Regulation of prices

Though there has been phenomenal growth in Tier 1, 2, and 3 cities, they have not been suitably supported by prices. GST will definitely help in price regulation in this sector.

Although construction services have already been taxable as per VAT for more than a decade, there have been intense litigations over taxability of joint development agreements, transfer of land development rights, and more. Immovable property transactions, or transfer through the sale of immovable property upon completion, would still carry on outside the realm of GST. However, the new GST regime will enable proper indirect taxation of real estate transactions.

Uniform tax structure

In the current scenario, homebuyers end up paying VAT and service tax for residential units, when bookings are made before completion. Other non-creditable costs such as customs duty, CST, entry tax, and excise duty are also incorporated into the final price. In total, these taxes are 22-25% of the home unit prices. Now what will happen from 1st July is that this amalgamation of taxes will be replaced by a single tax, ensuring smooth flow of credits throughout the chain.
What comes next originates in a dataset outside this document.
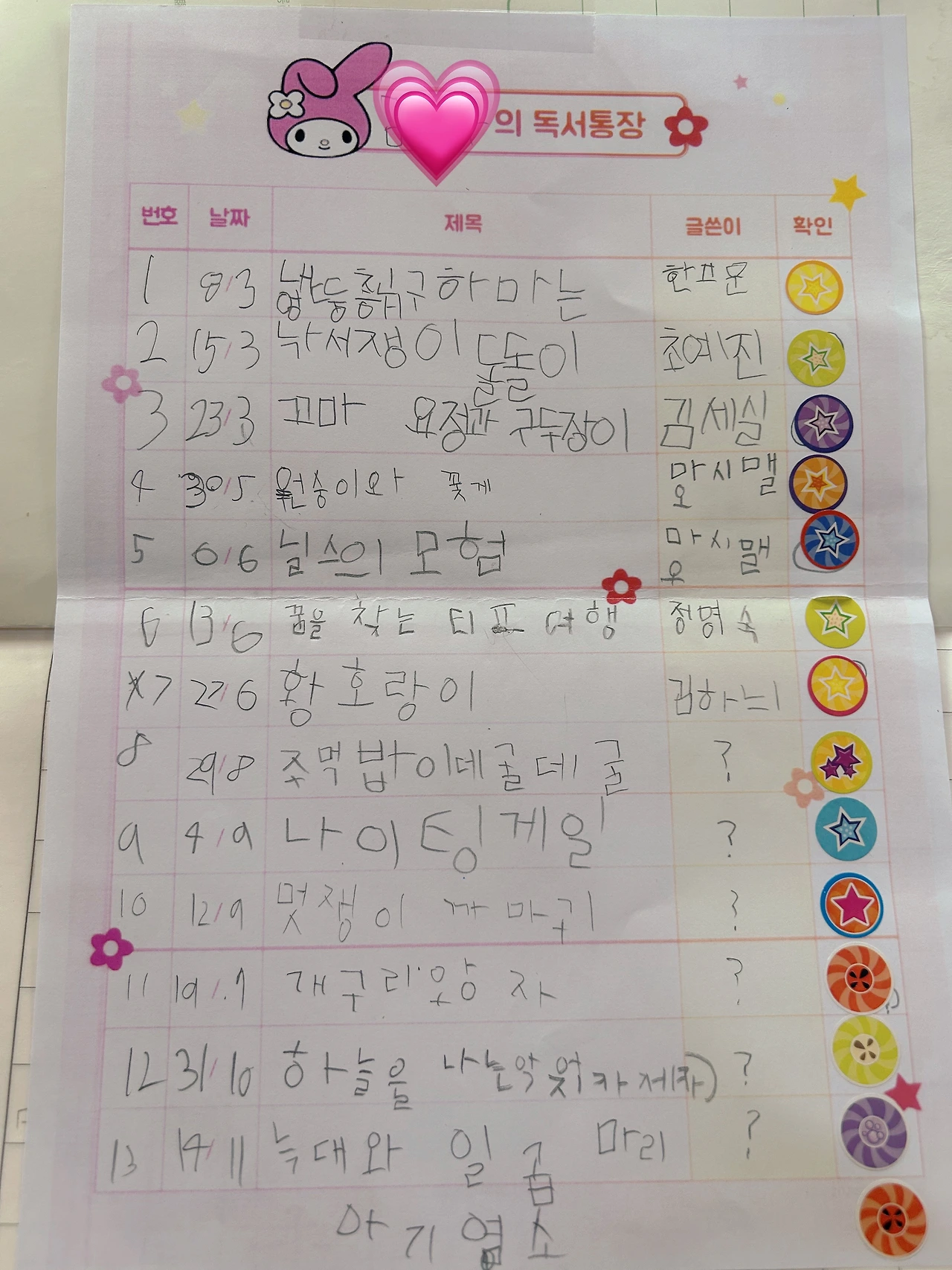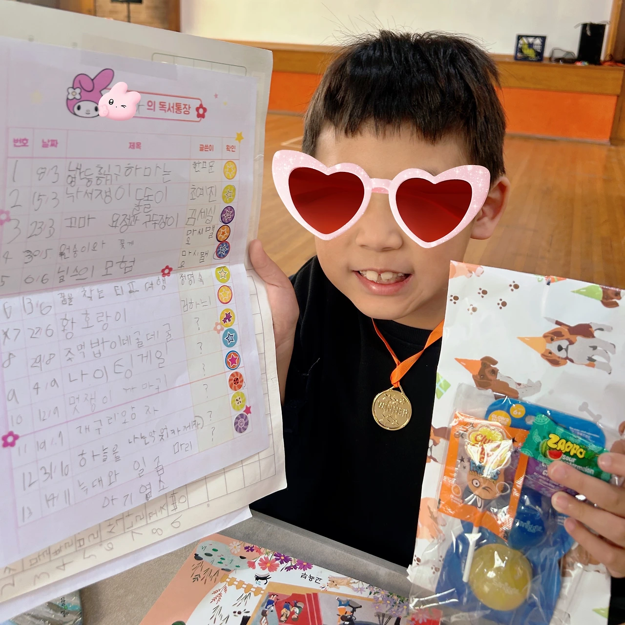 나는 1호가 뱃속에 있을 때부터 한글 동화책을 준비했는데 우리 집 아이들은 어쩜 하나 같이 책 읽기를 안 좋아하는지 정말 신기할 정도다. 이런 아이가 일주일에 한 권씩 동화책을 읽어오는 한글학교 숙제를 정말 성실히도 해냈다. 물론 엄마의 잔소리와 아빠의 읽기 보조라는 큰 도움이 있었지만 그래도 빠지지 않고 꾸준히 했다는 것에 나는 박수를 친다. 매주 아이들을 가르치시느라 고생하시는 한글학교 선생님도 우리 1호가 얼마나 귀찮음을 이겨내고 열심히 해냈는지 독서 통장을 통해서 알아채고 응원해 주셨다.

Existing tax liabilities on homebuyers are likely to remain unaffected upon the introduction of GST. At present, a homebuyer ends up paying a number of indirect taxes, which include VAT, service tax and excise duty, amounting to 11%, exclusive of Stamp Duty. As per the new GST regime, indirect taxes will not be counted, and a uniform 12% for purchase of new residential property will be put in place, exclusive of Stamp Duty. It will apply to properties under construction but not on ready-to-shift-in apartments.

As per the tax structure, GST will help reduce construction costs, which are in the hands of the developers, thereby helping maintain or reduce current prices. However, the only bad news can be possible high GST rates (27% GST may become visible, as per news in circulation), which would offset any gains from incremental credits.   

Impact of GST on commercial property developers

Over the years, commercial property developers have had to grapple with high costs, since credit was not available for developing commercial property for the purpose of renting out. Once GST comes into force, a smooth flow of credit and minimization of the unavailability of construction-related credits can be removed. This may bring down project costs, resulting in lower rentals.

GST, along with RERA, will help the real estate industry in taking massive strides in ensuring transparency. Multiple taxation issues, along with those of indirect taxes will now be forgotten. Due to the availability of a seamless all-inclusive channel, GST is also expected to benefit the NRI community, thereby bolstering foreign investment.